-- Requirement --
Go through the entries below and pick out every line with "auch".

*** Begin section ***

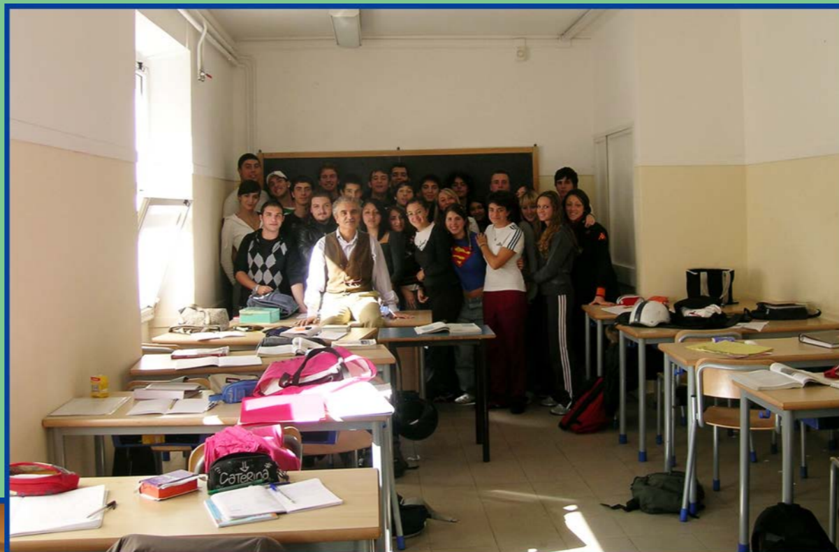
Aula (sede succursale)
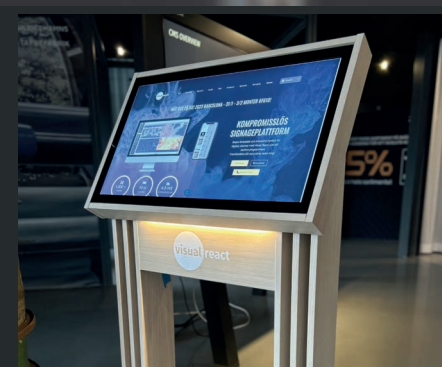
LED-belysning lyser på logotypen under skärmen.
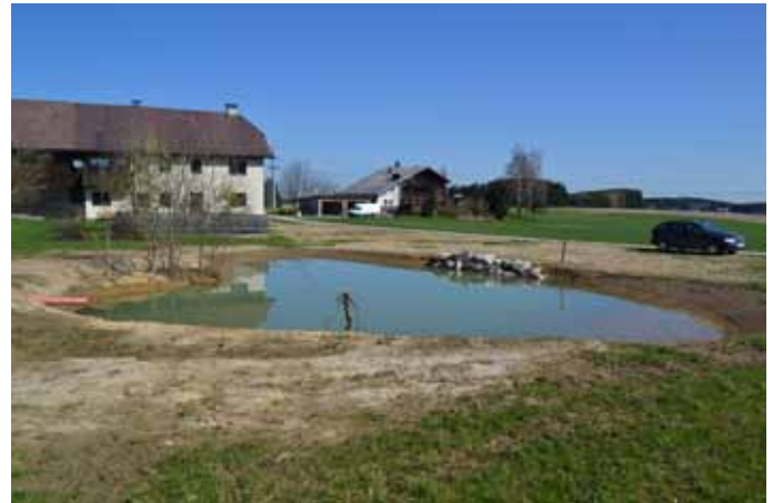
Das Biotop in Vornbuch wurde im Auftrag der Gemeinde ausgebaggert und dient auch als Löschwasser-Reservoir

Vor Beginn wurden in Abspra- che mit dem Bürgermeister, Straßenausschussobmann, Energie AG und Ploier & Hörmann die Positionen der Verteilerkästen und die Lage der Leitungen bestimmt. Es wurde auch die Straßen- wiederherstellung für jeden einzelnen Straßenzug (As- phaltierungen) festgelegt.
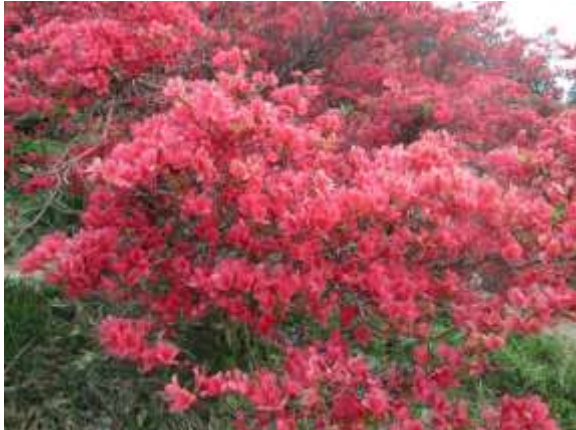
16. まだ色鮮やかなレンゲツツジもあった

*** End section ***

-- Solution for this task --
Das Biotop in Vornbuch wurde im Auftrag der Gemeinde ausgebaggert und dient auch als Löschwasser-Reservoir
Vor Beginn wurden in Abspra- che mit dem Bürgermeister, Straßenausschussobmann, Energie AG und Ploier & Hörmann die Positionen der Verteilerkästen und die Lage der Leitungen bestimmt. Es wurde auch die Straßen- wiederherstellung für jeden einzelnen Straßenzug (As- phaltierungen) festgelegt.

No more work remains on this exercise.